▶ [WHAT NEEDS TO BE DONE]: Print the entries below word for word; the pictures stay out of your copy.

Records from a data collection

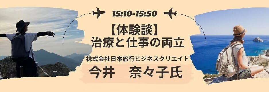 今井氏自身の体験をベースに、治療と仕事の両立における課題や企業サポートの必要性を共有。これまで第1回、第2回とご登壇いただき、毎回ご好評いただいている内容です。
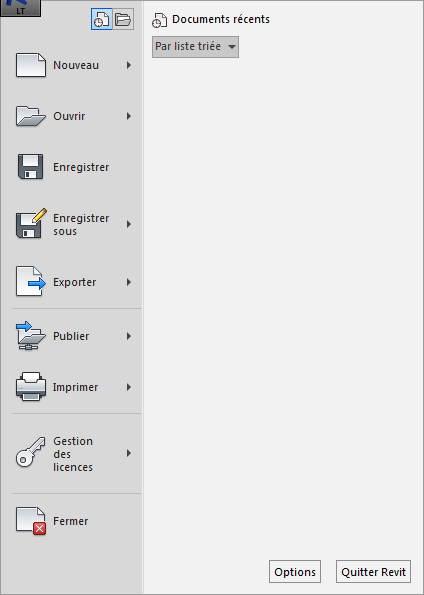 Dans le menu de l'application, cliquez sur le bouton Documents récents pour afficher une liste des fichiers récemment ouverts. Utilisez la liste déroulante pour changer l'ordre de tri des documents récents. Utilisez les punaises pour conserver des documents dans la liste, quelle que soit la date à laquelle ils ont été ouverts.
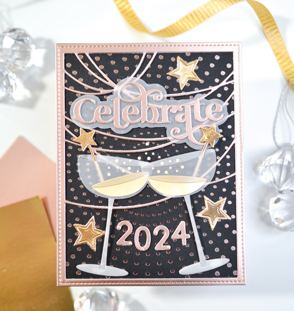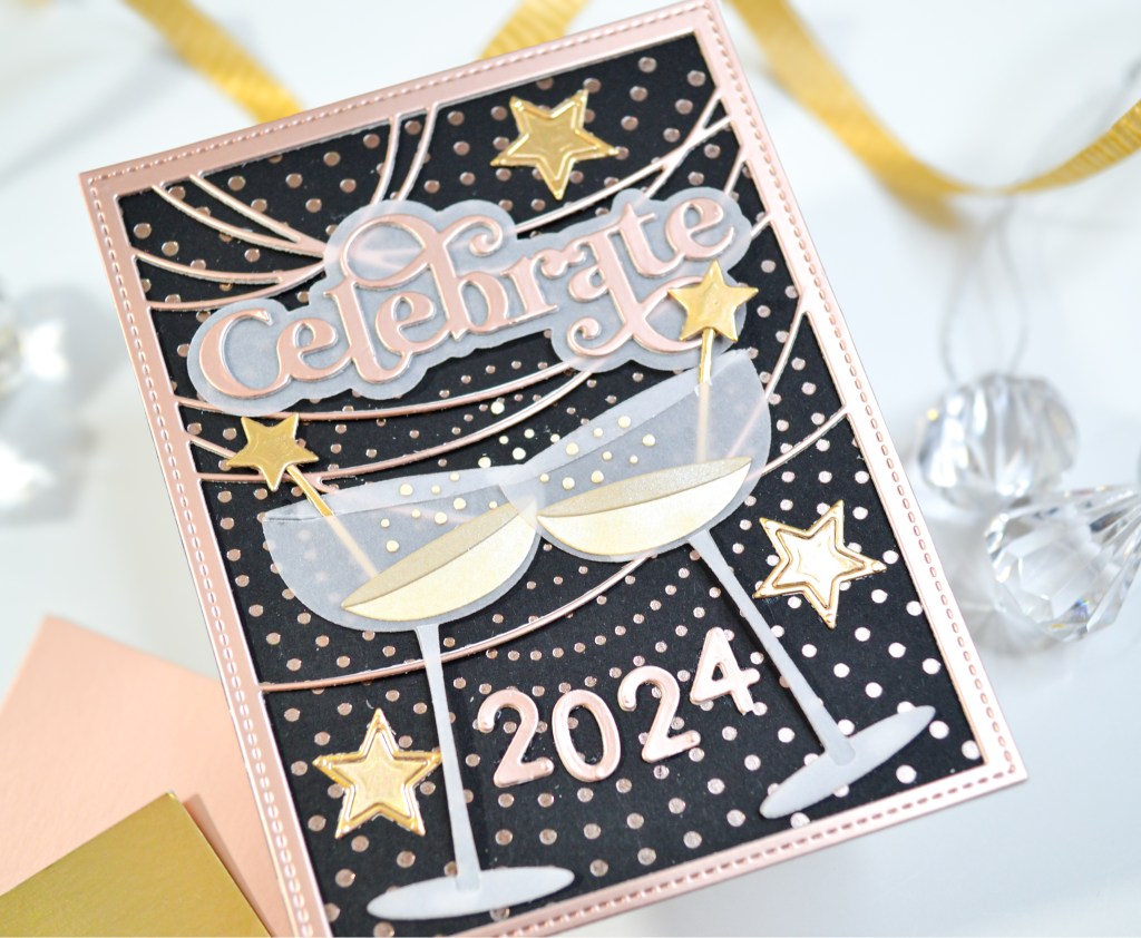 In the meantime, I’m sharing this fun card made with the December Large Die of the Month from Spellbinders. I love the champagne and wine glass dies included in this set, and the dies for adding the liquid to your glasses are what, I think, make this month’s club really special. I used vellum for the glasses and had to get pretty creative with my adhesive because of its transparency. I combined this month’s dies with the Hypnotic Background Glimmer Hot Foil Plate from Spellbinders and the Mama Elephant Party Scene Cover, all in rose gold. Also in rose gold is the Celebrate Wafer Die from Simon Says Stamp, in a font that I’m kinda obsessed with right now. It reminds me of decorative brush or hand lettering. I want every sentiment in this font. Adding a few gold accents and some shimmery metallic papers makes for a sparkling, festive New Year’s card!
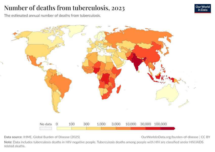 IHME, Global Burden of Disease (2025) – with major processing by Our World in Data. “Number of deaths from tuberculosis” [dataset]. IHME, Global Burden of Disease, “Global Burden of Disease - Deaths” [original data]. Retrieved March 4, 2026 from https://refactor-hide-legend.owid.pages.dev/grapher/tuberculosis-deaths
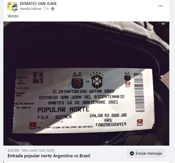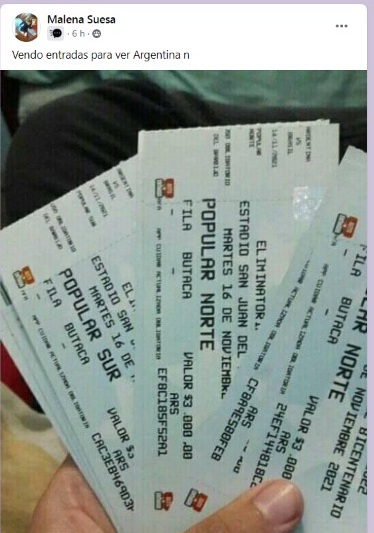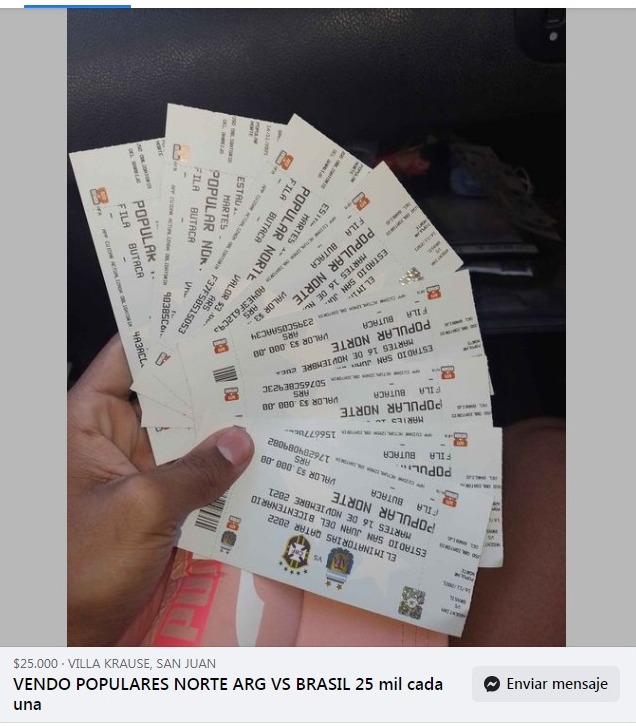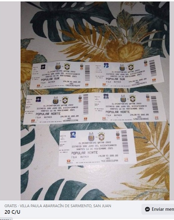 Populares de $3.000 se ofrecen en $15.000, mientras que Plateas Este de $5.000 se están ofreciendo hasta en $40.000, es decir, nueve veces más de lo que costaban.

▶ [TASK ANSWER]:
 今井氏自身の体験をベースに、治療と仕事の両立における課題や企業サポートの必要性を共有。これまで第1回、第2回とご登壇いただき、毎回ご好評いただいている内容です。
 Dans le menu de l'application, cliquez sur le bouton Documents récents pour afficher une liste des fichiers récemment ouverts. Utilisez la liste déroulante pour changer l'ordre de tri des documents récents. Utilisez les punaises pour conserver des documents dans la liste, quelle que soit la date à laquelle ils ont été ouverts.
 In the meantime, I’m sharing this fun card made with the December Large Die of the Month from Spellbinders. I love the champagne and wine glass dies included in this set, and the dies for adding the liquid to your glasses are what, I think, make this month’s club really special. I used vellum for the glasses and had to get pretty creative with my adhesive because of its transparency. I combined this month’s dies with the Hypnotic Background Glimmer Hot Foil Plate from Spellbinders and the Mama Elephant Party Scene Cover, all in rose gold. Also in rose gold is the Celebrate Wafer Die from Simon Says Stamp, in a font that I’m kinda obsessed with right now. It reminds me of decorative brush or hand lettering. I want every sentiment in this font. Adding a few gold accents and some shimmery metallic papers makes for a sparkling, festive New Year’s card!
 IHME, Global Burden of Disease (2025) – with major processing by Our World in Data. “Number of deaths from tuberculosis” [dataset]. IHME, Global Burden of Disease, “Global Burden of Disease - Deaths” [original data]. Retrieved March 4, 2026 from https://refactor-hide-legend.owid.pages.dev/grapher/tuberculosis-deaths
 Populares de $3.000 se ofrecen en $15.000, mientras que Plateas Este de $5.000 se están ofreciendo hasta en $40.000, es decir, nueve veces más de lo que costaban.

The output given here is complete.